Richard Andrews bflatmaj7th@REDACTED
Fri Sep 18 04:04:20 CEST 2009


2009/9/18 Jayson Vantuyl <kagato@REDACTED>:
> What exactly are you trying to do?  It's really easy to create complex race
> conditions and strange startup ordering issues doing something like this.
>
> If you can have the node signal you (much less work).  Just start out in an
> "uninitialized" state set a short timeout and just go idle.  When you
> receive the "other_node_started" event, go into "running" mode.  I'd
> recommend using sync_send_event from the server you're waiting on.  That
> guarantees to close the loop in case they start up in a weird order.
>
> Timeouts are handy and highly underutilized.  Other great uses include
> "forcibly garbage collecting during inactivity" and "delaying before
> hibernating".
>
> If you must ping the node from the waiting side, you can simulate a delaying
> loop with a gen_server (and a gen_fsm) by using the timeout feature.  Just
> send the ping and set a timeout.  Have the timeout function send the ping
> again and set a timeout again.  Eventually, you'll get the response and can
> go about your merry way.
>
> Both of these methods prevent you from sitting in init for an undefined
> amount of time.

Yep.

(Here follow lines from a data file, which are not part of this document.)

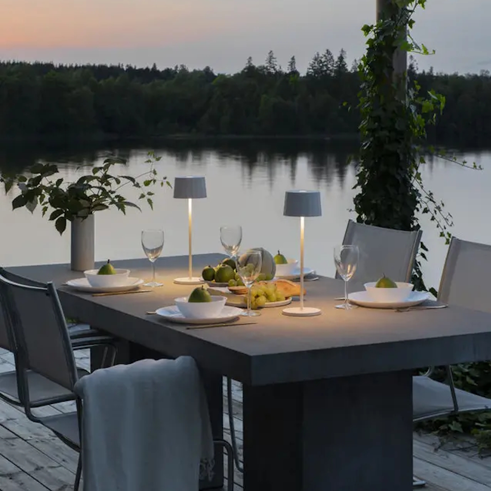 Positano är en stilren bordslampa med ställbar belysning där man kan välja färgtemperatur antingen 2700K eller 3000K och är dimbar. Den passar lika bra inne i vardagsrummet som på uteplatsen. Laddas via USB och har en batteritid på ca 9 timmar vid full ljussstyrka. Av/på knapp i touch på skärmen. Svart lackad aluminium.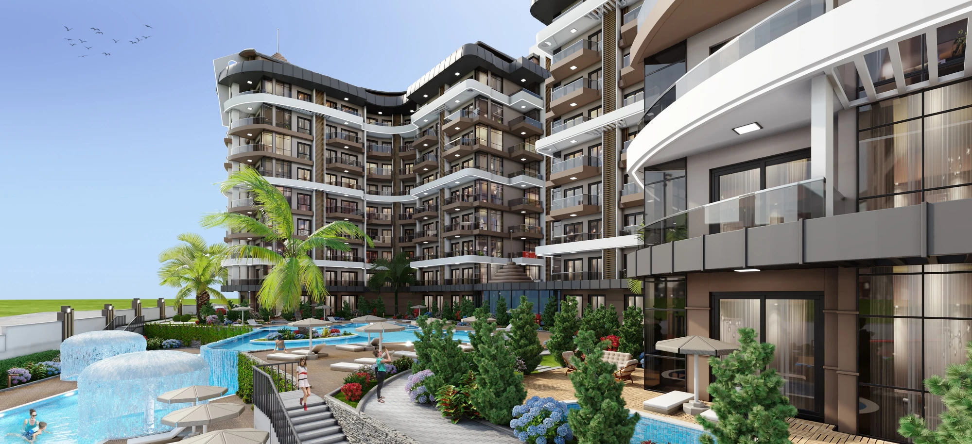 Completion dateDeliveredВuildings1Property typeNew flatArea699 — 1399 ft²Ceiling height2.20 — 2.20 mFinishingCleanParkingGroundAmenitiesBalcony, closed area, passenger elevator, swimming pool, terrace, near sea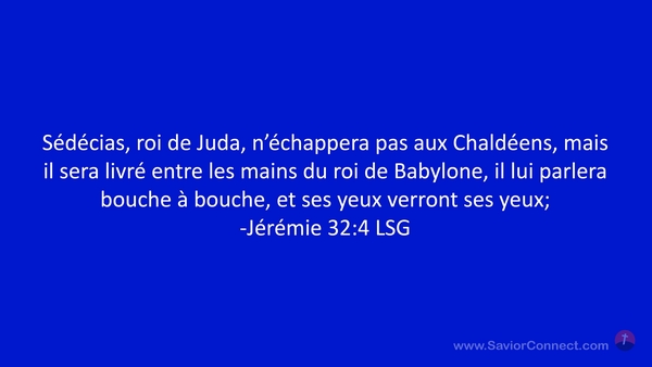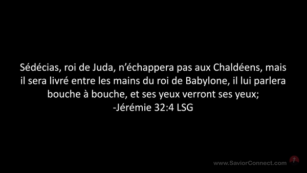 Sédécias, roi de Juda, n'échappera pas aux Chaldéens, mais il sera livré entre les mains du roi de Babylone, il lui parlera bouche à bouche, et ses yeux verront ses yeux; -Jérémie 32:4 LSG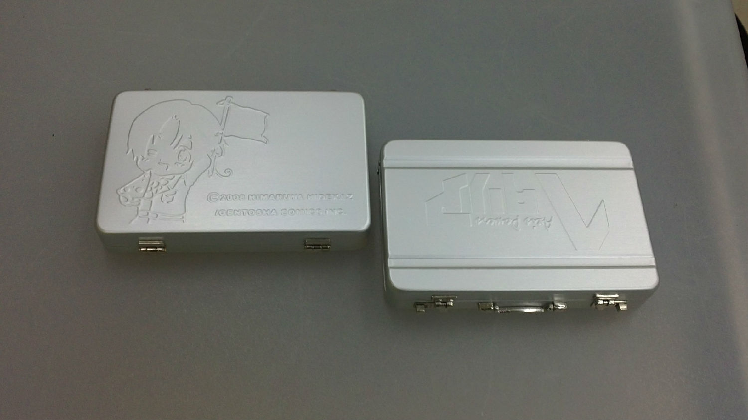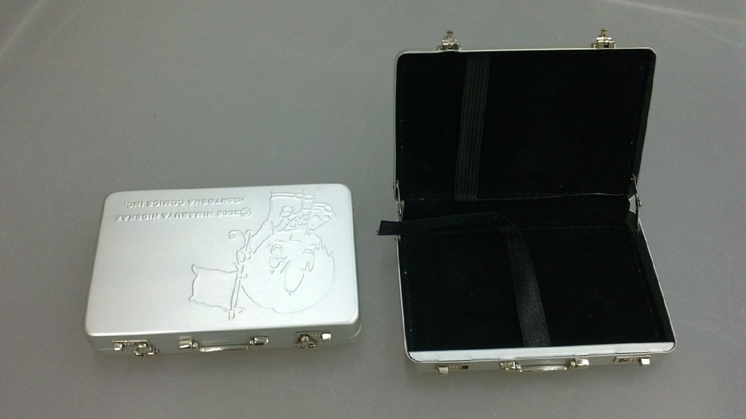 Integral aluminum card and coin holders with embossing, particular for those collectors who like Japanese carton and comic. Mini briefcase style with lock system and handle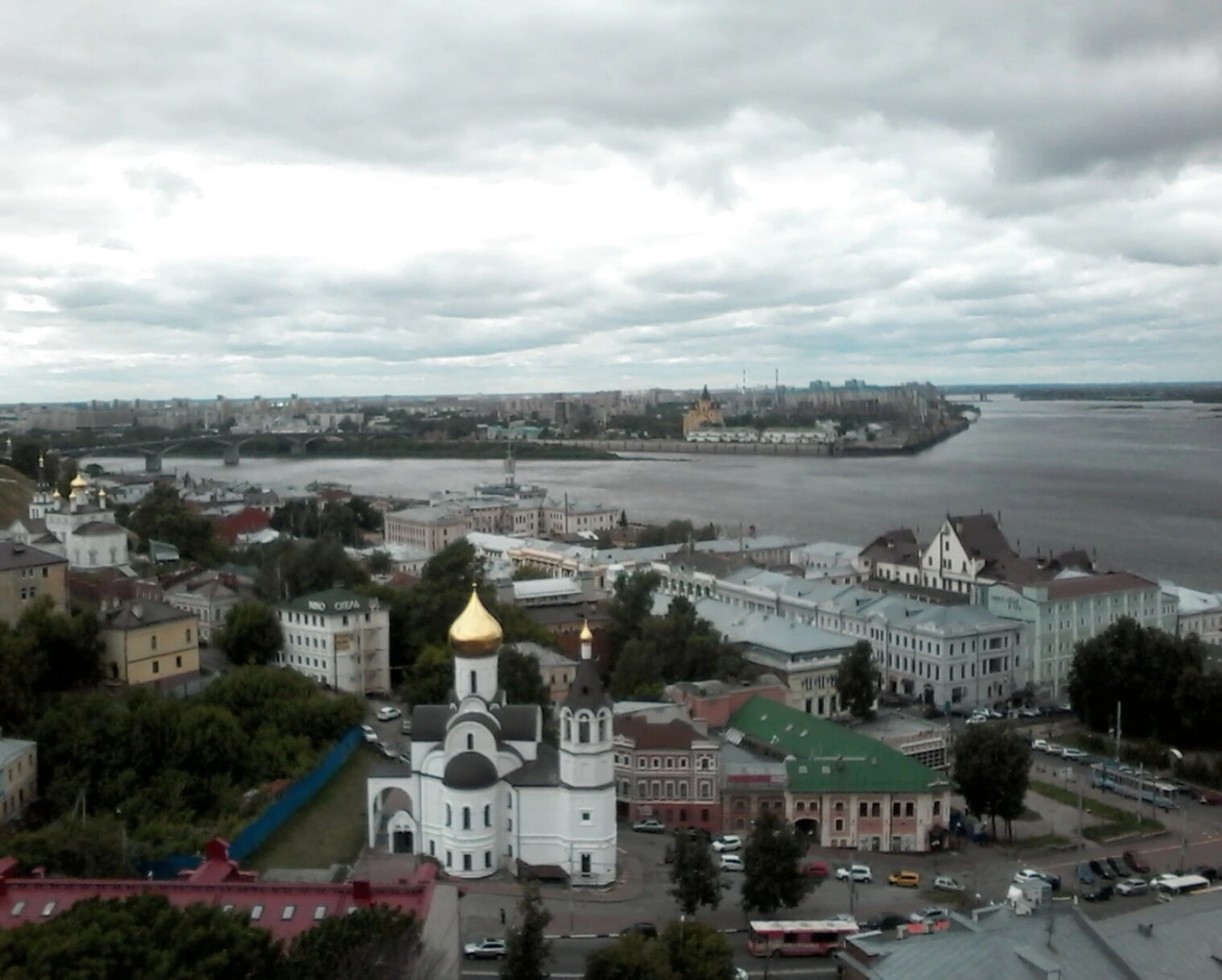 На фотографии запечатлен вид на белоснежный пятиглавый храм Рождества Иоанна Предтечи на Торгу, расположенный у подножия Нижегородского кремля. Церковь, увенчанная золочеными куполами, величественно возвышается на фоне водной глади Волги и городской застройки. Этот уникальный ракурс позволяет оценить гармоничное единство старинной церкви, древней крепостной стены и природного ландшафта.

I use a hello message for this kind of thing. Start in an
unconnected state and start sending hello to a known target. When
responses start getting returned (with a valid ref() of course) then
go into fully running mode. If the target process is the last thing to
start in the peer system then you know the whole peer is up and
running.

> All of this gets complicated in the face of restarts.  It may not really be
> workable.  It would help to know more about what you're doing.
>
> I think the "correct" way (i.e. overkill in the style of Ericsson) is to do
> this at an application level.  You can set up a distributed Erlang
> application to start in "phases".  Depending on your deployment, that might
> be the ultimate answer, since it also provides hooks for takeover /
> failover, which may be necessary depending on your application.

You can do it at the supervisor level rather than application level.
Since children are started in order, you can have one of the children
not return from init() until it confirms the peer is up and running.
This will block the supervisor from starting any subsequent children
until the prerequisites are in place.